Du Nord au Sud : hospitalisations et évacuations médicales

Les premières hospitalisations d’Inuit au Sud sont directement liées aux campagnes de dépistage de la tuberculose que le SSI met en place dès 1946 dans l’ensemble du Canada (Labbé 1987, 35). Tous les étés, une équipe ambulante de médecins, infirmières, techniciens en radiologies et autres spécialistes, font la tournée des villages à bord de la patrouille médicale, le C.D. Howe. Une fois les résultats des tests de tuberculose reçus, les cas positifs sont retenus à bord et les personnes sont transférées dans un établissement du Québec (Gaspé, Roberval ou Québec), de l’Ontario ou des provinces maritimes. Au plus fort de la campagne de dépistage, « un Inuk sur sept est hospitalisé au Sud pour la tuberculose » (Labbé 1987, 35). Les tournées médicales sont aussi l’occasion d’offrir des soins dentaires, d’effectuer les vaccinations et pour les infirmières, et de faire de la prévention (DGNQ 1964, 52). Cette approche reste au coeur du programme du SSI jusqu’à ce que les médicaments pour traiter la tuberculose deviennent accessibles, vers la fin des années 1960 (Sandyford1994, 64 ; Morantz 2016,192).

En 1941, un système d’identification par numéro (E-numbers) est mis en place par le gouvernement fédéral canadien pour recenser les Inuit et faciliter la gestion des services de santé (Anderson et Bonesteel 2010, 151). Jusqu’en 1970, les Inuit qui reçoivent des soins au Nord, tout comme au Sud, doivent porter à leur cou un petit disque d’argile où un numéro est inscrit : ce numéro les assigne à l’une des deux baies : E8 pour l’Ungava et E9 pour l’Hudson (Morantz 2016,149). Dans ses mémoires, Dorothy Mesher, une aînée de Kuujjuaq, souligne toutefois que les Inuit ne les portaient qu’en cas de départ pour le Sud :

There were so many problems over “names”, so eventually the government solved that by giving everyone necklace. It was like a dog tag with a number. People didn’t actually wear those things unless they were sent South to the hospital. Most of us just put them away somewhere until they were needed, but we all remembered our number. (If you forget my name, feel free to just call me E8-224).

Dorothy Mesher 1995, 51

La littérature entourant les évacuations des Inuit au Sud avant les années 1980 est assez critique à l’égard de l’intervention gouvernementale et des effets que ces séjours prolongés dans le Sud ont eu sur les Inuit. Le croisement de sources orales et archivistiques par Pat Sandiford G. nous offre d’ailleurs des perspectives inuit de cette importante partie de leur histoire. Tout en dénonçant les effets dévastateurs des politiques gouvernementales en matière de santé, elle brosse un portrait de la gestion de la tuberculose par le SSI à partir de la première moitié du XXe siècle (Sandiford G. 1994). Selon elle, le départ en sanatorium annonce une coupure avec les proches, le territoire et le mode de vie. Les complications s’accroissent d’emblée en ce qui concerne les enfants, qui peuvent oublier la langue de leurs parents et rencontrer des difficultés à se réadapter au milieu nordique à leur retour (Sandiford G. 1994, xxii). Au Québec, les Inuit sont majoritairement envoyés dans des hôpitaux francophones entre 1950-1980. (Ibid : 154).

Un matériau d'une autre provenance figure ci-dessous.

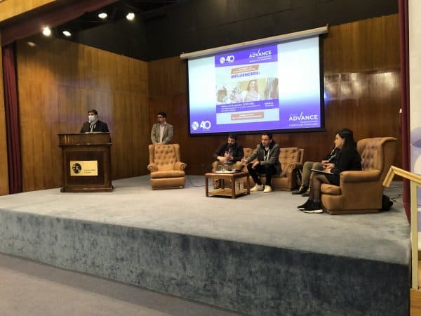 “Influencers: desde el follower hasta la profesión”, se tituló el encuentro que reunió a Antonia Larraín, comunicadora y activista por la diversidad corporal, autora del libro Cuerpo sin Vergüenza; Juan Vallejos Croquevielle, periodista especializado en política, redes sociales y comunicación digital; Rodrigo Mayorga, director de fundación Momento Constituyente; y Gonzalo Argandoña, periodista científico, director ejecutivo de Cábala Films.

Selon Toby Morantz, le traitement des patients tuberculeux et de leur famille fut marqué par un manque de communication, de planification et par une insensibilité (Morantz 2010, 73). Elle rapporte que des Inuit se sont plaints de ne pas avoir d’interprètes lors des examens ou de devoir enlever leur pantalon sans aucune explication. Plusieurs craignaient aussi les dépistages du C.D. Howe, puisqu’ils étaient souvent retenus à bord et qu’ils n’avaient pas la possibilité de faire leurs adieux à leurs proches (Beauvais 2017, 72-73). En 1955, 130 Inuit d’Akulivik ont été envoyés à Puvirnituq pour des examens et 50 d’entre eux ont été hospitalisés dans le Sud sans pouvoir avertir leur famille (Morantz 2010,71). Plusieurs Inuit sont aussi décédés sans que leur corps ne soit rapatrié au Nord (Sandiford G. 1994 ; Tremblay 2016).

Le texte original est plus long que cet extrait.